Why the SA economy performs so exceptionally poorly. The meta explanation

That the SA economy has performed quite as poorly as it has in recent years is not easily explained. The rate of growth of less than 2% a year represents a very poor outcome, with alas little prospect of any lift off, according to the economic forecasters in and outside government. Yet there are more corrupt economies with much less of an endowment of capital and skills that grow faster.

Fixed capital formation and employment offered by private businesses is at best in a holding pattern – capital formation being maintained at levels first reached in 2008. Capital formation by the public sector is in sharp decline- necessarily so – given past performance. The unwillingness of SA business to invest in future output and income generation and in their workforces – describes slow growth – but does not explain its causes. Such reluctance needs to be understood and addressed if the outlook for the economy is to improve.

Fixed Capital Formation Constant 2015 Prices

Source; SA Reserve Bank and Investec Wealth and Investment

Total Real Fixed Capital Formation (2000=100)

Source; SA Reserve Bank and Investec Wealth and Investment

We need look no further for a large part of the explanation of unusually slow growth than to the disastrous failures of the SA public sector.   South Africa relies heavily on the State as a producer of essential services, including electricity, water, transport, ports and education. More heavily than is wise or necessary. The inability of Eskom to meet depressed demands for electricity clearly sets limits to growth as do the failures of Transnet to run the railways and ports anything like competently.

These operational failures have meant very large amounts of wasted, taxpayer and consumer provided capital and opportunity.

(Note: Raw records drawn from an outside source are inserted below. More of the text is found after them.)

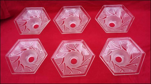 Art Deco Frosted Clear Glass Set of 6 Shades Bobeches Bowl 1940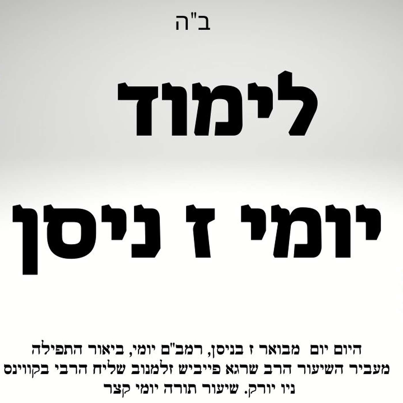 00:00 לימוד יומי היום יום ז ניסן02:50 רמב"ם הלכה יומית06:08 ביאור תפילת שחריתלצפיה בשיעורhttps://youtu.be/ONSQz3yI9cIמקור היום יום ז ניסןנוסח "ויהי בנסוע": "וכרצון כל עמך בית ישראל".כינוי משפחה של רבינו הזקן: ברוכאוויטש.כינוי משפחה של בנו אדמו"ר האמצעי: שניאורי.כינוי משפחה של הצמח צדק: שניאורסאהן.שיעור תורה יום יומי וחסידי קצר עם הרב שרגא פייביש זלמנוב שליח הרבי מליובאוויטש לקווינס ניו יורק יסביר שלושה נושאים בקצרה: מתחילים בביאורים והסברים על ספר היום יום בעברית ז בניסן, הלכה קצרה מהרמב"ם וביאור תפילת שחרית שיר של יום שישי.#היום_יום#שיעור_יומי#רמבםהרשמו לזריקת חסידות בערוצים השוניםלומדים יהדות וחסידות ברשת, הרשמו לערוץ היוטיוב, פייסבוק, ווצאפ ,פודקאסטים ועודhttps://heb.centernyc.com/zrikat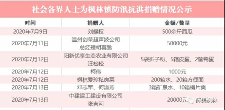 7月14日上午,商会会长一行来冒雨赶赴到阳新经济开发区防汛指挥部,捐赠矿泉水、猪肉、蛋类等物质,慰问一线防汛工作人员及受灾群众。而在7月13号商会副会长张吉河得知家乡受灾,慷慨解囊捐赠阳新县枫林镇政府两万元用于防洪抗灾。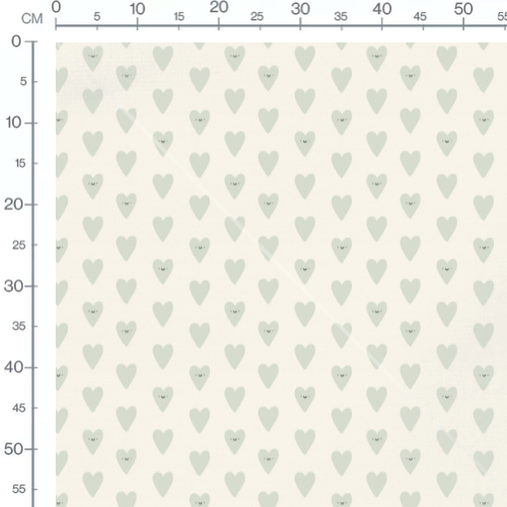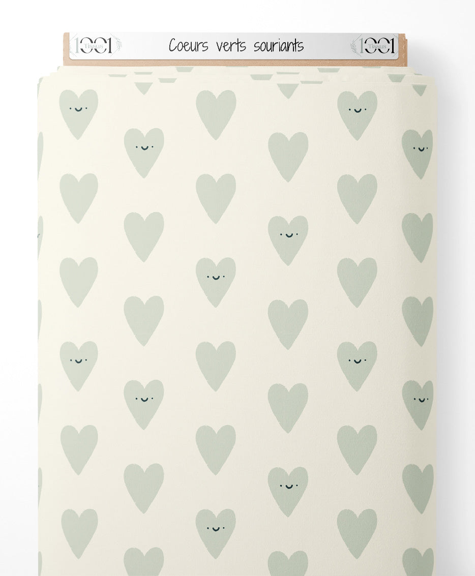 Les cœurs verts avec des visages souriants alternent avec des cœurs verts sans visage. Le fond beige met en valeur la simplicité des motifs.Les tissus

The relationship between what has been spent on the large new electricity generating stations Medupi and Kusile and what has come out as additional electricity is especially egregious and damaging. As much as 1.1 trillion rands was invested in electricity, water and gas between 2000 and 2021. Much of it in electricity generation. Shockingly, almost unbelievably, the real output of electricity etc. has declined by 20% since 2000.

Electricity, gas and water. Capital Formation;  Constant (2015) and Current Prices

Source; SA Reserve Bank and Investec Wealth and Investment

Electricity, gas and water. Capital Formation and Valued Added 2000- 2020. Constant 2015 Prices

Source; SA Reserve Bank and Investec Wealth and Investment

The abject failures of other government agencies – of the provinces and in particular municipalities – to maintain the quality of the essential services they are tasked to provide, water, roads, sewage, building plans, education training and health care etc. has become ever more destructive of the opportunities open to business and households. Such failures are also reflected in the declining real value of the homes South Africans own –a large percentage of the wealth of the average household – which has made them less able and willing to demand additional goods and services from SA business.

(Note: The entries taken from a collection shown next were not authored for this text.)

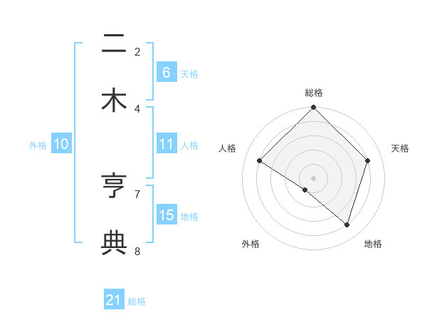 二木 亨典さんの総格は21画の5点!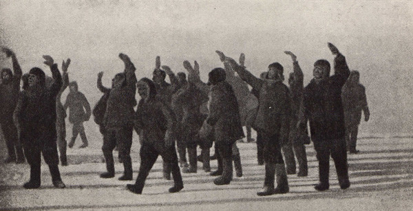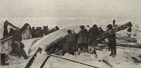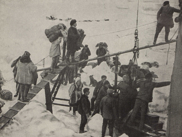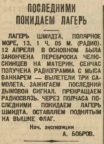 Партия челюскинцев в 8 человек покинула пароход и, пройдя 65 километров по сплошному льду, достигла мыса Дженретлен.
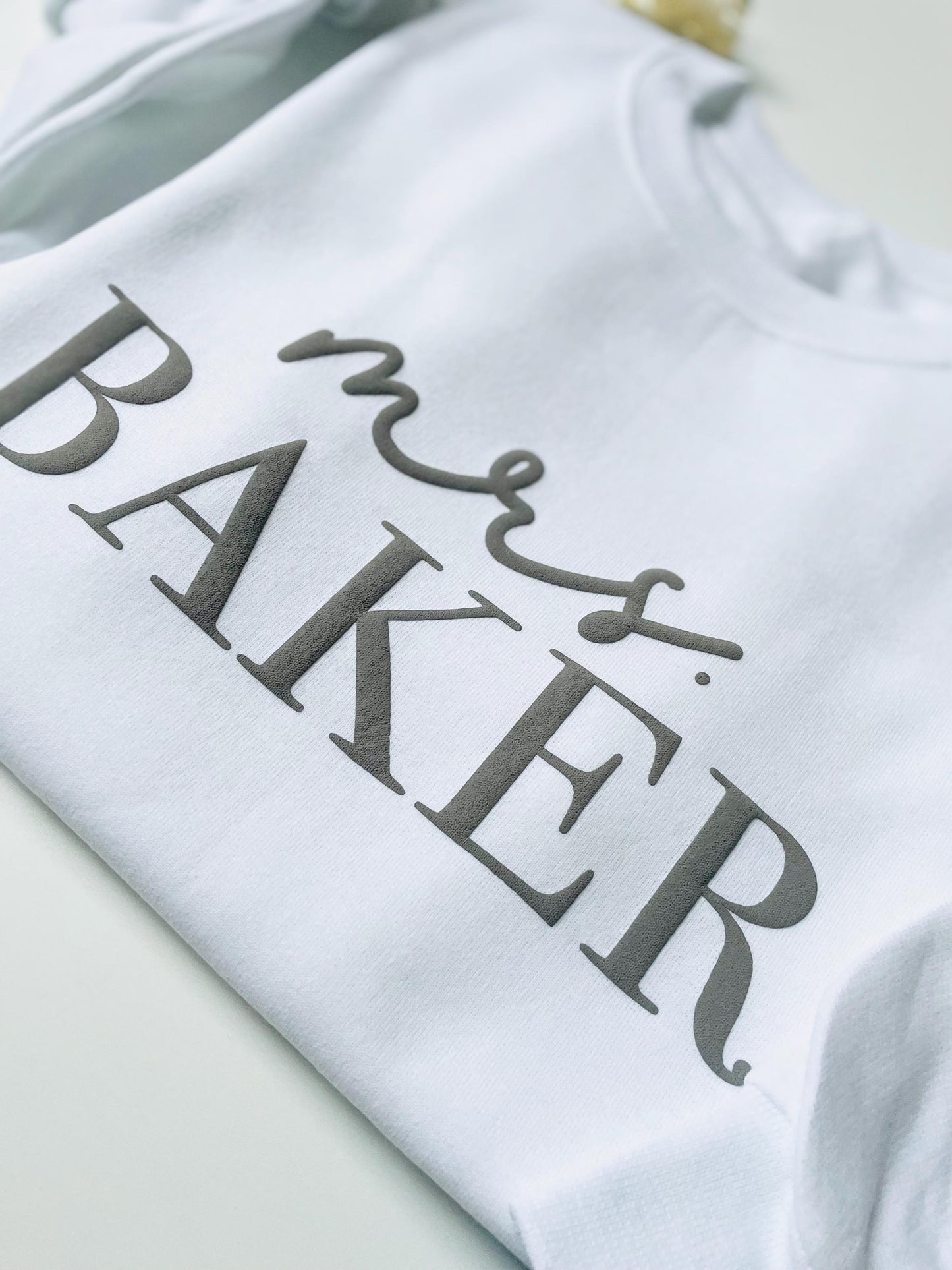 - Elegant Embossed Design: The front features a beautifully embossed "Mrs." that adds a touch of sophistication to your casual wear.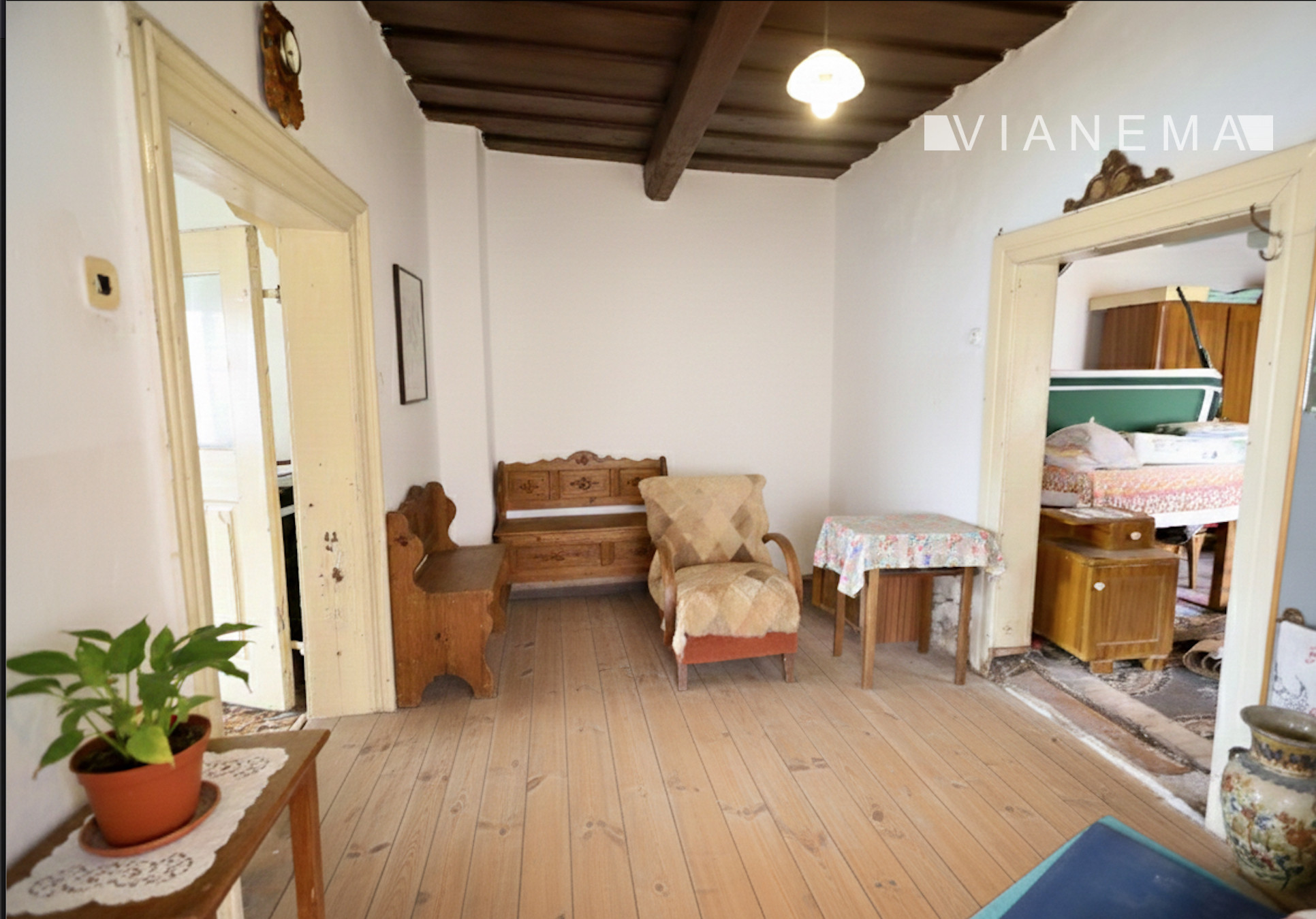 Pozostáva z verandy, chodby, dvoch izieb, kuchyne a kúpeľne.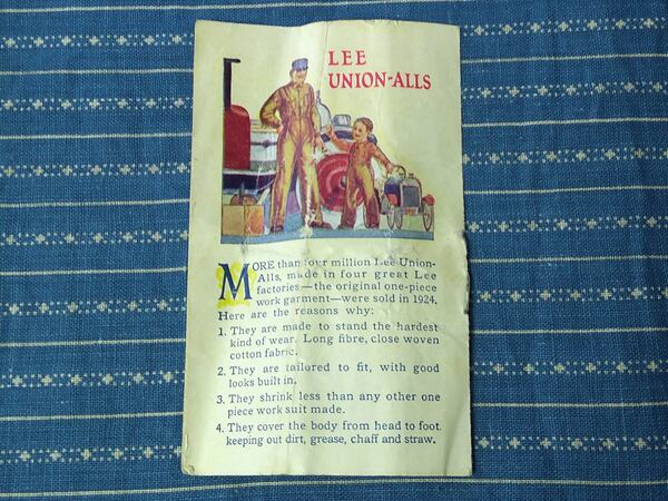 20年代のLeeアドバタイジング。配布されていたものか製品に付属していたフラッシャー類と思います。ホチキスが残っていますので、中にもう数枚ページがあったのかもしれません。

Hopefully the economy will not stay on these destructive paths. Restructuring the ownership and incentive structures facing the public sector is an obvious and urgent requirement for faster growth- for more capital formation of the human and physical kind. As is reducing the reliance on the public sector to deliver the essentials.

But we need a meta explanation and understanding of why the public sector has failed South Africans so particularly badly to move forward.   The key political objective on which the public sector leaders were evaluated was clearly not the efficient use of resources, with quality of delivery related rewards, within sensibly constrained budgets. The Scandinavian model, if you like, did not apply. The primary objective set the new leaders of the public sector – and for which they were presumably judged and rewarded – was the transformation of the racial character of the public sector workforce. 

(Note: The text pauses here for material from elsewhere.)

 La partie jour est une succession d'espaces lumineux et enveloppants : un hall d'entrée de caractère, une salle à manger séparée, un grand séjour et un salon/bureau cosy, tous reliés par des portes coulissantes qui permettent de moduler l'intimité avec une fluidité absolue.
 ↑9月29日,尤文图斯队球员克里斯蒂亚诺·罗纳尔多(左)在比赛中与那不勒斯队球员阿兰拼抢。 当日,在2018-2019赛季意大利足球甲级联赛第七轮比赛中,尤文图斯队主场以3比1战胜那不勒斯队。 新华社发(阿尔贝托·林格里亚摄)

It is an economic truism that you get from people (managers and workers) what you pay them for. This key performance indicator, transformation, has been achieved with huge waste, financial and in foregone opportunities. Losses that were exaggerated by the opportunities the lack of attention to the costs of operations, and their value to consumers, offered for theft, fraud and the patronage of the incompetent.

The continued enthusiasm for demanding that the private sector to transform further and faster seems uninhibited by any comparison of the cost and benefits of forcing transformation. There is perhaps one consolation in all this- the private sector cannot ignore the bottom line in the way the public sector was able to do for so long.